ACTION ITEM. Leave out the pictures, and retype the remaining data exactly.

COLLECTED DATA.
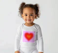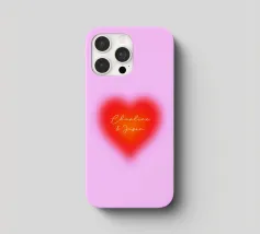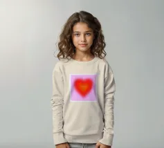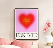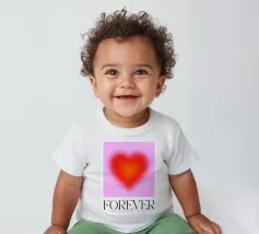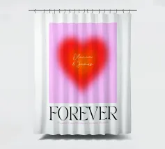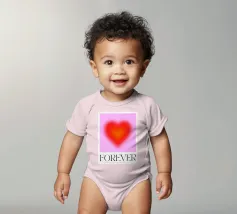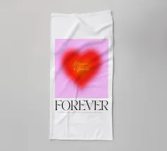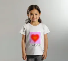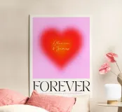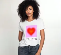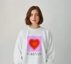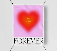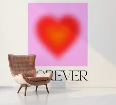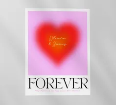 Grafica minimal astratta personalizzabile con cuore sfumato in rosso vibrante, arancione e rosa, con grande scritta 'FOREVER' in un carattere decorativo serif. Un'opera d'arte perfetta per celebrare l'amore, il giorno dell'amore, San Valentino e l'amore per i bambini. Per una coppia o una persona sola
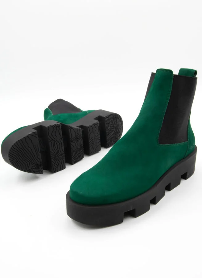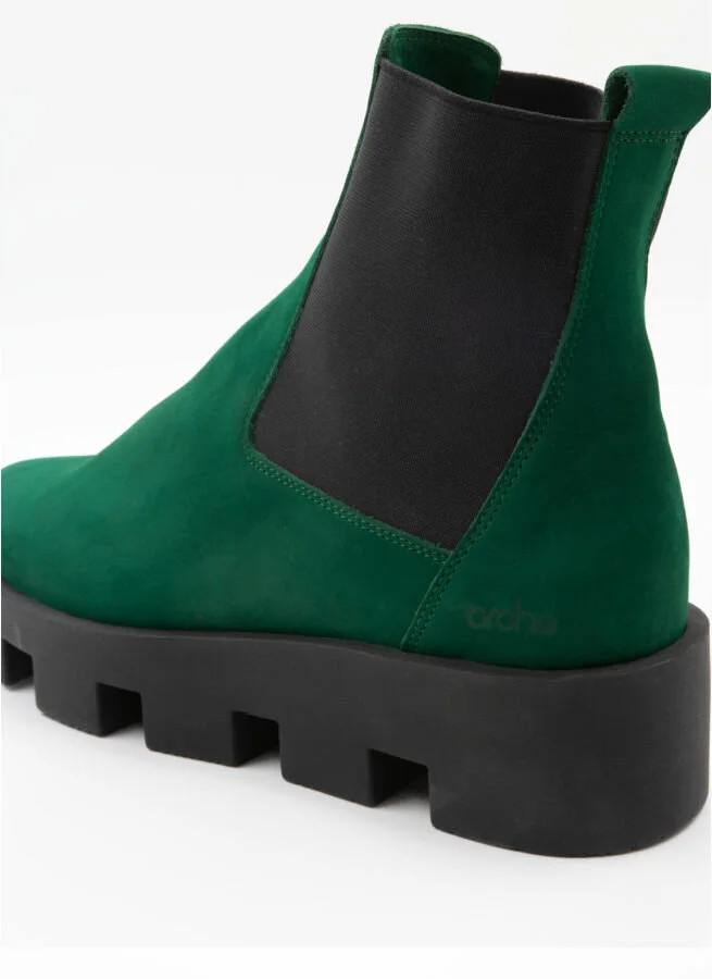 Gröna boots från Arche i nubuck och med resår på sidorna. Skorna har skönt sviktande sulor i naturlatex, 4 cm höga.
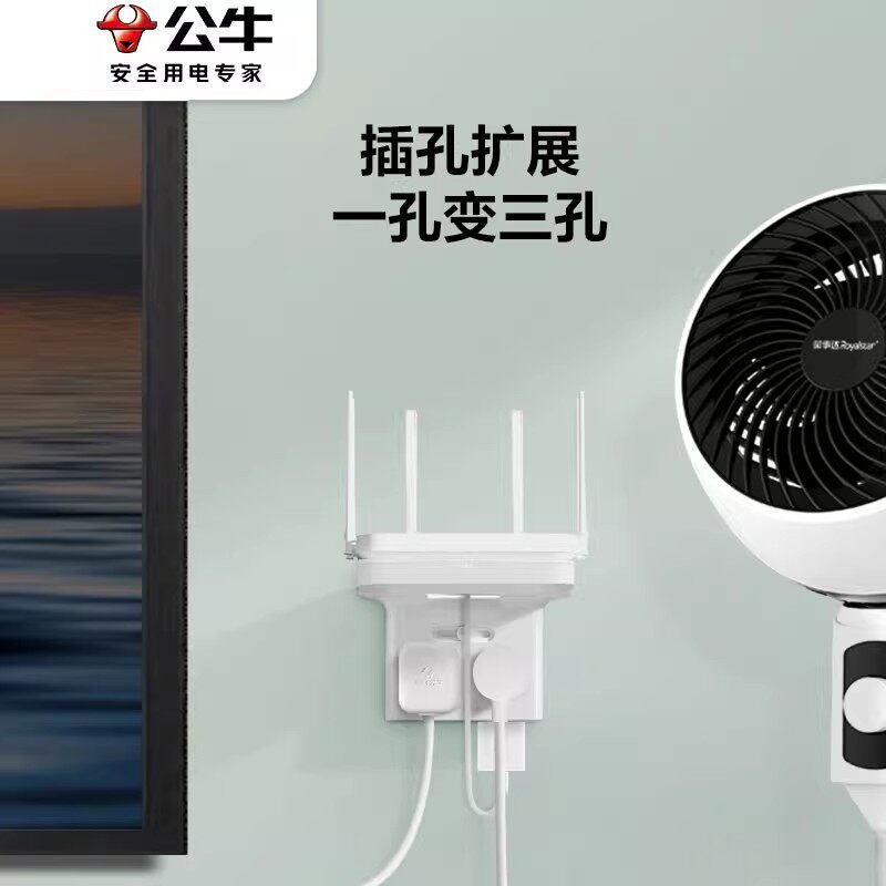 公牛拓展插座一转三转换器多功能置物架插头路由器摄像头支架插板
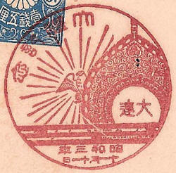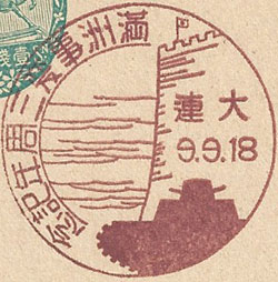 The Kwantung Leased Territory was never a part of Manchukuo but many of the cancels reflect events in Manchukuo and its association with Japan. My research shows about a 100 cancels connected to the Kwantung Leased Territory. This is not a complete list, as I find more examples I will add them. Use the "Monitor this page" box in the menu if you would like to know when more are added. These cancels were issued in the Kwantung Leased Territory and are all dated by using Japanese era dates. It should also be noted the some place names read from left to right instead of the usual, right to left.

EXERCISE RESPONSE.
 Grafica minimal astratta personalizzabile con cuore sfumato in rosso vibrante, arancione e rosa, con grande scritta 'FOREVER' in un carattere decorativo serif. Un'opera d'arte perfetta per celebrare l'amore, il giorno dell'amore, San Valentino e l'amore per i bambini. Per una coppia o una persona sola
 Gröna boots från Arche i nubuck och med resår på sidorna. Skorna har skönt sviktande sulor i naturlatex, 4 cm höga.
 公牛拓展插座一转三转换器多功能置物架插头路由器摄像头支架插板
 The Kwantung Leased Territory was never a part of Manchukuo but many of the cancels reflect events in Manchukuo and its association with Japan. My research shows about a 100 cancels connected to the Kwantung Leased Territory. This is not a complete list, as I find more examples I will add them. Use the "Monitor this page" box in the menu if you would like to know when more are added. These cancels were issued in the Kwantung Leased Territory and are all dated by using Japanese era dates. It should also be noted the some place names read from left to right instead of the usual, right to left.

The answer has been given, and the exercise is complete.